So we can become better Cartoonists and save the cartoon world.

By the way, when's that Spumco animation software coming out ?

_Eric
ericcrooks.blogspot.com
(I have some stuff from my latest film, tell me what you think so far. I'll let you know more about my stuff when I get it uploaded)

Anonymous said...

Hey John

It's me Jesse. I want you to know that I have been creating my own cartoons since 1994. But when I was a kid my favorite cartoons were Ren & Stimpy, Beavis & Butthead, Rocko's Modern Life, The Brothers Grunt, the classic MGM cartoons by Tex Avery and the classic 30's & 40's WB cartoons by Avery, Clampett and Jones. My favorite Bugs Bunny cartoons are the following

1. Elmers Canned Camera

2. Wild Hare

3. Elmers Pet Rabbit

4. Heckling Hare

5. Tortise Beats Hare

6. Hare Wins By Tortise

7. Falling Hare

8. Hare Ribbin

9. Bugs Bunny Bond Rally

I wish there was a DVD of those cartoons. But anyway one day I would like you to see some of my creations. Just please go easy on me. I've been reading the Preston Blair book. I need to find out where I can get an Animation Board. I know how to draw cartoons I just want to know how to animate and start making funny cartoon shorts. You are my BIGGEST insperation in cartoon making.

your pal,
Jesse

chan a.b.c. smith said...

This may belong under the previous post, but does anyone know how to differentiate the "Daffy" Daffy Duck cartoons from the "Greedy" Daffy cartoons. What years bookend the true Daffy flics? What directors are involved?

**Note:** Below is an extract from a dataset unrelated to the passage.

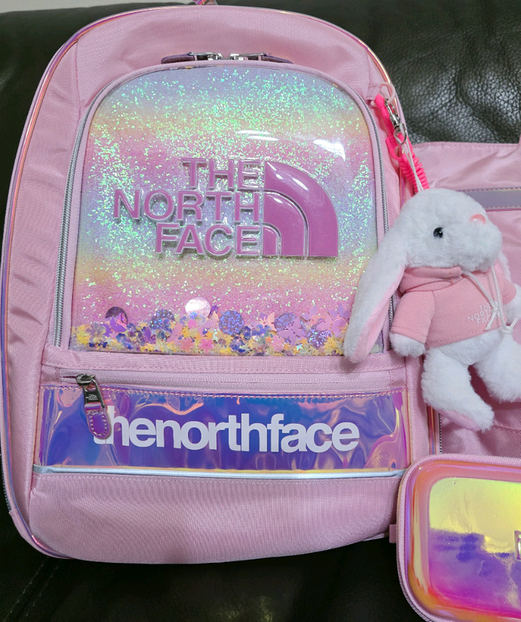노스페이스 저학년 책가방, 토트백, 필통 세트입니다. (정가 209,000원) 은은한 핑크색에 반짝이 포인트가 있어서 아이들이 정말 좋아할 것 같아요. 세트로 구매해서 같이 들고 다니면 더 예쁘답니다! 저렴한 가격에 빨리 득템하세요! (교환 환불은 불가하오니 신중히 고려해서 구매하세요~♡)

What's the name of the one where Daffy and Porky are sharing a hotel room and Daffy is drunk?

Stephen Worth said...

R L Peterson
Dan
Andy Seredy

Added to the Students' Blogroll at...

Lesson One Jump Page

See ya
Steve

nonsense said...

trust me you have lots of lookers and you inspire many upcoming cartoonists...keep up the great work!@, i really appreciate it!

Ivan D said...

Fuck yeah! I'll do what ever you tell me to do, John!

Desiree said...

Hey Johnny K.
I read your blog daily and draw the Preston Blair instructions you put up.
I'm tyring to work my way up to one day working for you. Please keep up the lessons!!

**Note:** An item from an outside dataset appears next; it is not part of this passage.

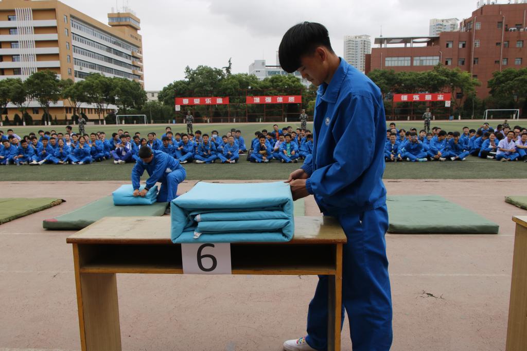 大赛伊始,yl6809永利集团党支部副书记王小芬为本次大赛致开幕词并做动员讲话。本次比赛共有来自20级各班共70名同学报名参加,比赛要求参赛人员在规定的5分钟时间内叠好军被,要求独立完成。评委根据叠被的时间和质量打分。随着主持人一声“开始”的号令,参赛选手们纷纷进入“叠军被”模式。参赛选手们认真仔细,平铺、横折、画线、竖折、修边等一个个细致入微的动作,做得有条不紊,得心应手。经过了他们的仔细修整,整洁美观的军被便出现在了评委和同学们的眼前,他们熟练地动作也给在场老师、同学留下了深刻的印象。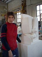 Paola RavasioL'essere grandi – L'espressività, l'energia, la passione dell'arte scaturisce quando è frutto di uno scavo interiore non sempre facile da compiere. Quando di fronte ad un blocco solido, rigido, impenetrabile di materia, inizia a prendere forma qualcosa che si sente dentro, un'esigenza di raccontare e di raccontarsi. Paola Ravasio lo fa scolpendo, scavando, lisciando, modellando. Giovane, ma ferma sulle sue convinzioni, solida come la materia che lavora. La giovane sta camminando giorno dopo giorno sulla strada della scultura e si arricchisce minuto dopo minuto perchè sa guardare non solo sè stessa ed il suo lavoro, ma il mondo che la circonda. Ecco allora che le sue opere diventano l'espressione viva di questo mondo reale, in cui l'uomo è protagonista.

I'm up for the Challenge!!

Jennifer said...

I know how to solve quadratic equations, convert decimal numbers into hexadecimal and binary numbers, and develop software, but I can't draw or animate worth merde. I'm lucky if I can draw a stick figure! I think that's why I really appreciate good artwork and animation.

It's great to see these animators and artists are taking you up on your offer. My goodness, getting lessons from one of the trailblazing animators FOR FREE! What a deal! It's also a good deal for someone who likes art and animation. Some of the work looks great. I'm so jealous!

Chutney Blvd. said...

I wish there were more DARK, DISTURBING cartoons, independently made, ones not made for kids!

FunnierAndCuter said...

John....


I forgot to post the links to my blog...

http://funnierandcuter.blogspot.com/

here you can see that i have been actually drawing what you suggested.

thanks again,
jacob

Dave_the_Turnip said...

I've certainly been learning from what you've been posting here. I've been developing those fundementals and my sketchbook has been filling up with drawings from classic cartoons (and a few more recent ones). I've already seen a huge improvement in my own work.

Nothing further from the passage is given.